Source data:
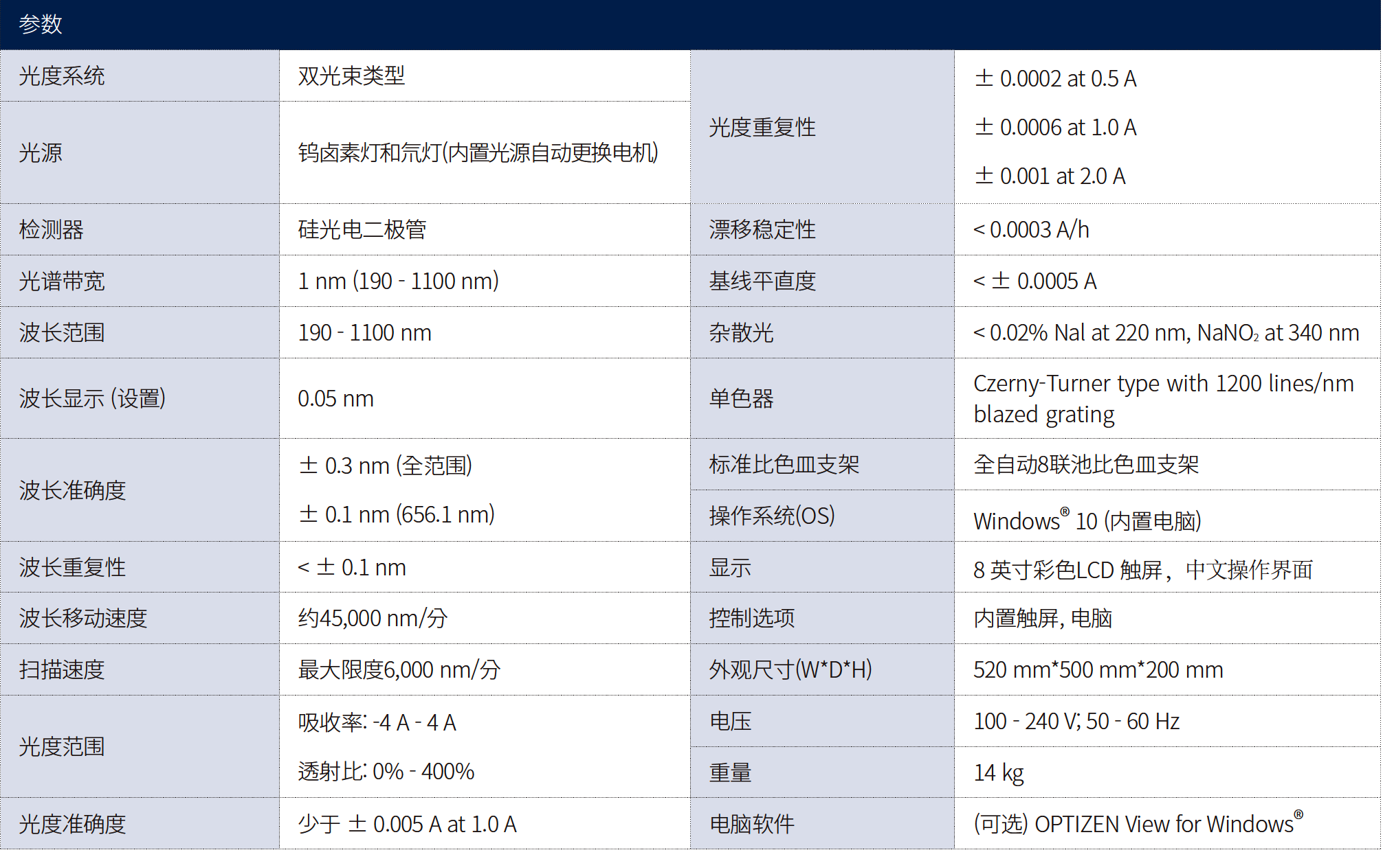 OPTIZEN Alpha采用**的設計, 是雙光束類型的紫外可見分光光度計。OPTIZEN Alpha在紫外和可見光范圍中測量樣品的各波長透射比或者吸光度來了解濃度或者純度等定量特征。該產品不僅可以用于一般分析實驗, 還可以用于專門的研究領域, 并保證**的測量和出色的重現性, 因此可被廣泛應用于環境, 生物技術, 化學等各個領域并提供可靠的實驗結果。
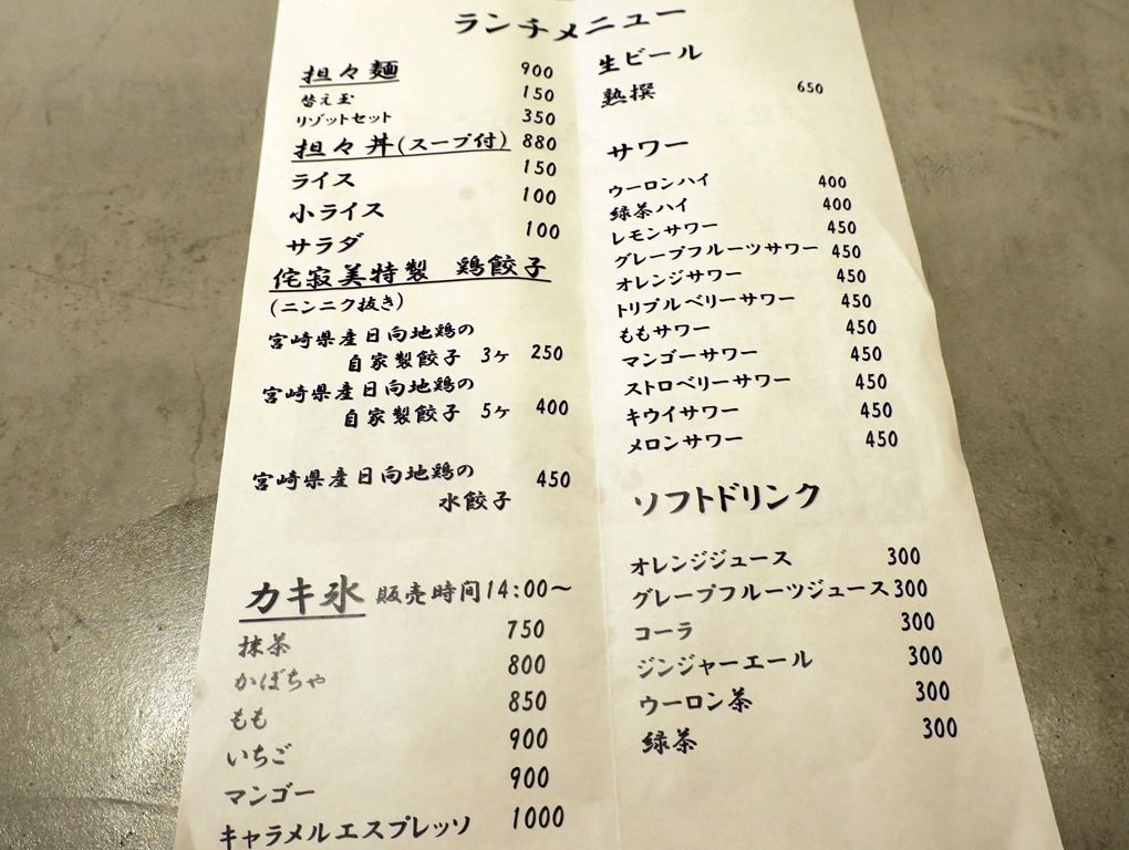 券売機は無く後会計制。主なメニューは、担々麺900円、リゾットセット350円、担々丼(スープ付き)980円、カキ氷各種750円~(14:00~)、他。看板メニューの担々麺は1種類でエースが分かりやすい構成。
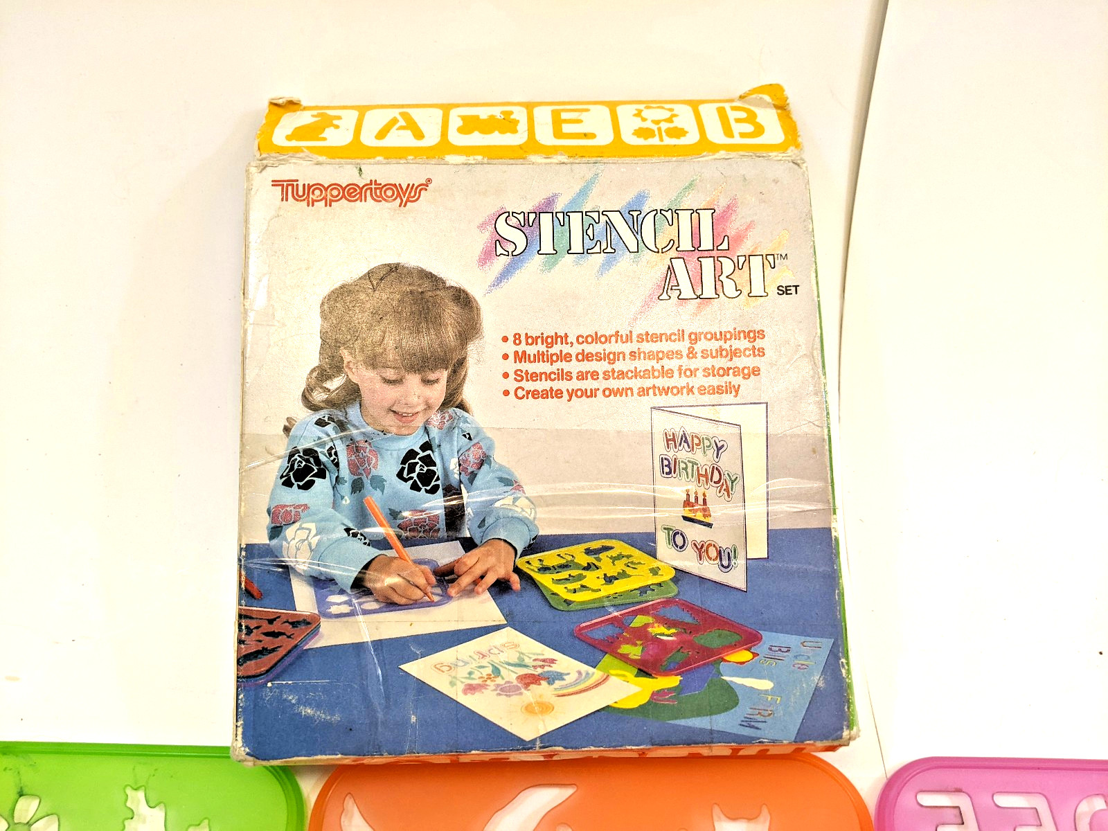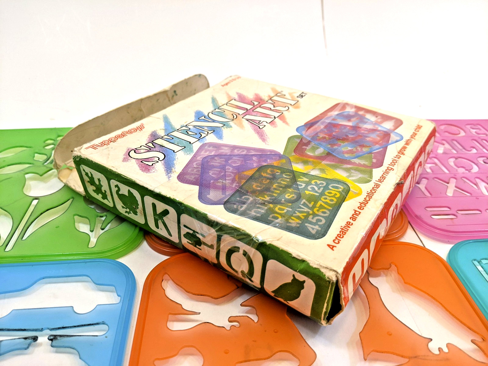 как выглядит Vintage Tupperware Tuppertoys Stencil Art Set 1987 7 Stencils in Original Box фото
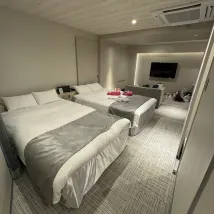 This hotel located right inside Shinsaibashi. It is 3-4 minutes walk to the nearest station I booked a twin premium room with 2 queen beds and able to accommodate a family of 4. It is spacious with 450 sq ft. and bathroom is wonderful if you care about soaking yourself in a bath tub. We stayed for 4 nights located few blocks down to Dotonbori and Shinsaibashi mall. Overall the hotel is good if you want to find a spacious room to stay with families.
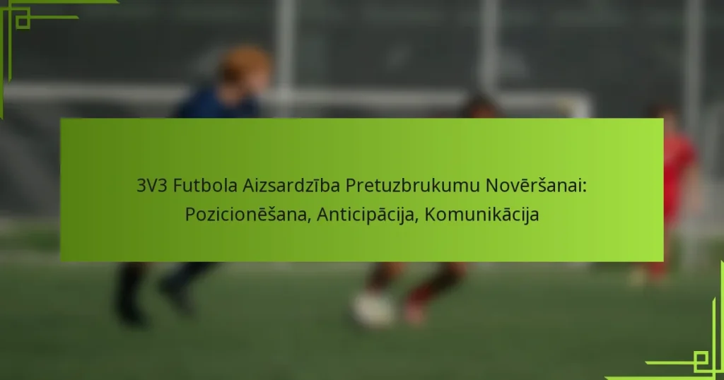 Aizsardzība pret pretuzbrukumiem 3v3 futbolā prasa stratēģisku pieeju, kas uzsver efektīvu pozicionēšanu, paredzēšanu un komunikāciju. Uzturot apziņu par spēles laukumu
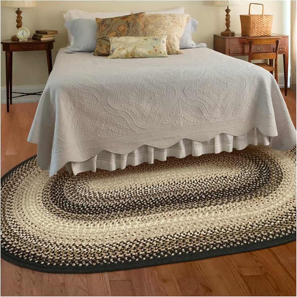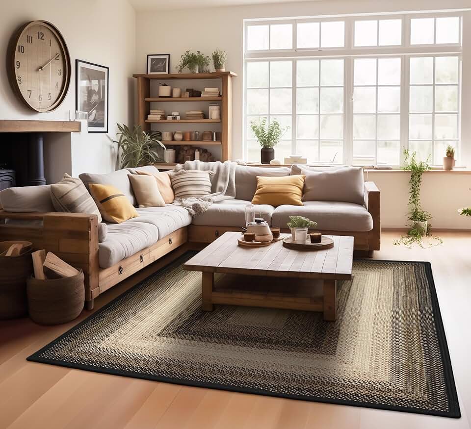 Homespice Black Mist Dark Rug for Primitive Decor, Ideal as 5x8 Outdoor Rug for Patio and Hand Braided Rug for Dining Room Table - Waterproof and Stain Resistant - Soft Beige and Black Rug, 5x8 Feet
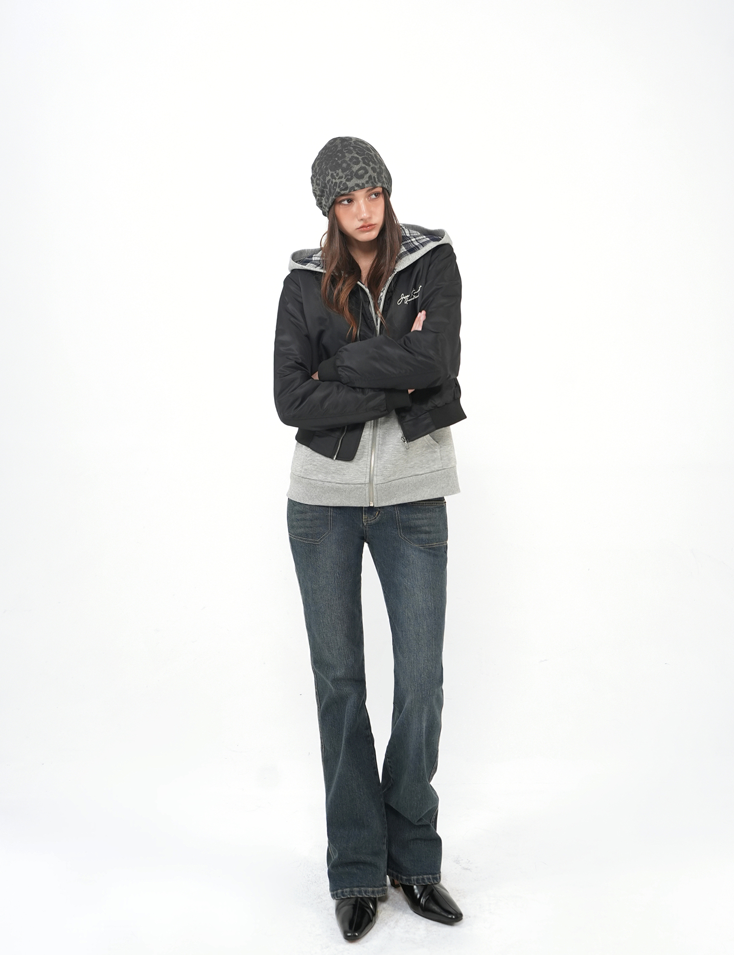 Jim Kennet Plaid Patchwork Hooded Straight Sweatshirt Jacket
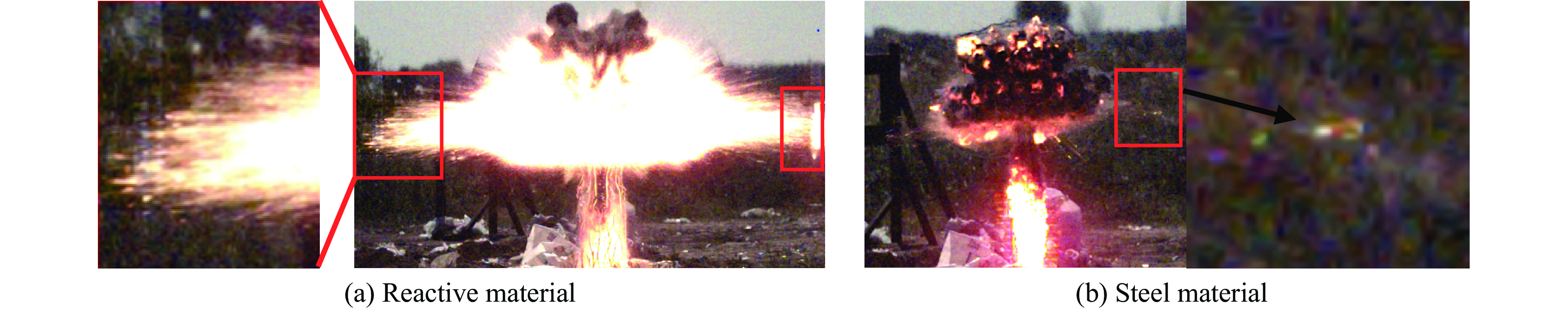 To investigate the explosive energy release of Zr-based reactive material (Zr-RM) casings and the ignition effect of fragments driven by the explosion on fuel, casings composed primarily of zirconium (Zr), copper (Cu), nickel (Ni), aluminum (Al), and ytterbium (Y) were fabricated using alloy melting and casting techniques. The casings mentioned above had an outer diameter of 40 mm, a height of 80 mm, and a wall thickness of 5 mm. For comparison of subsequent damage effects, steel casings made of 45 steel with the same dimensions and mass were also prepared. Both types of casings were filled with JH-2 explosive charges. The charged structures were placed on a polyvinyl chloride pipe stand 1.5 m above the ground, and a fuel box containing 2.5 L of gasoline was positioned 2.0 m away from the explosion center. During the explosion-driven tests, a high-speed camera was utilized to capture the formation and propagation of the explosion fireball, the shockwave, and the impact process of casing fragments on the fuel tank. The fireball duration, shockwave velocity, and fragment impact effects were measured and analyzed. Additionally, the ignition and destruction effects of the fragments on the fuel were observed and recorded. The experimental results demonstrate that, when compared to steel casings of equal mass, Zr-RM casings under explosion-driven conditions exhibit a longer duration of firelight and faster shockwave velocities. Specifically, the fireball duration of Zr-RM casings is approximately 25.84 times that of steel casings, and the shockwave velocity is roughly 1.17 times faster. Zr-RM casings exhibit an enhancement effect on air shockwaves under explosion-driven conditions. Fragments of different materials cause structural damage to fuel tanks, including perforation and plastic deformation. After piercing the fuel tank, the reactive material ignites the fuel inside, demonstrating the ability to ignite gasoline. On the contrary, steel casings of equal mass do not ignite the fuel within the tank. This research provides a reference for the application of Zr-RM casing warheads.

Problem to solve: Your answer must be the exact lines from the records above, from the one containing "This hotel located" through the one containing "Jim Kennet Plaid", both included, with every picture left out.

Exercise solution:
 This hotel located right inside Shinsaibashi. It is 3-4 minutes walk to the nearest station I booked a twin premium room with 2 queen beds and able to accommodate a family of 4. It is spacious with 450 sq ft. and bathroom is wonderful if you care about soaking yourself in a bath tub. We stayed for 4 nights located few blocks down to Dotonbori and Shinsaibashi mall. Overall the hotel is good if you want to find a spacious room to stay with families.
 Aizsardzība pret pretuzbrukumiem 3v3 futbolā prasa stratēģisku pieeju, kas uzsver efektīvu pozicionēšanu, paredzēšanu un komunikāciju. Uzturot apziņu par spēles laukumu
 Homespice Black Mist Dark Rug for Primitive Decor, Ideal as 5x8 Outdoor Rug for Patio and Hand Braided Rug for Dining Room Table - Waterproof and Stain Resistant - Soft Beige and Black Rug, 5x8 Feet
 Jim Kennet Plaid Patchwork Hooded Straight Sweatshirt Jacket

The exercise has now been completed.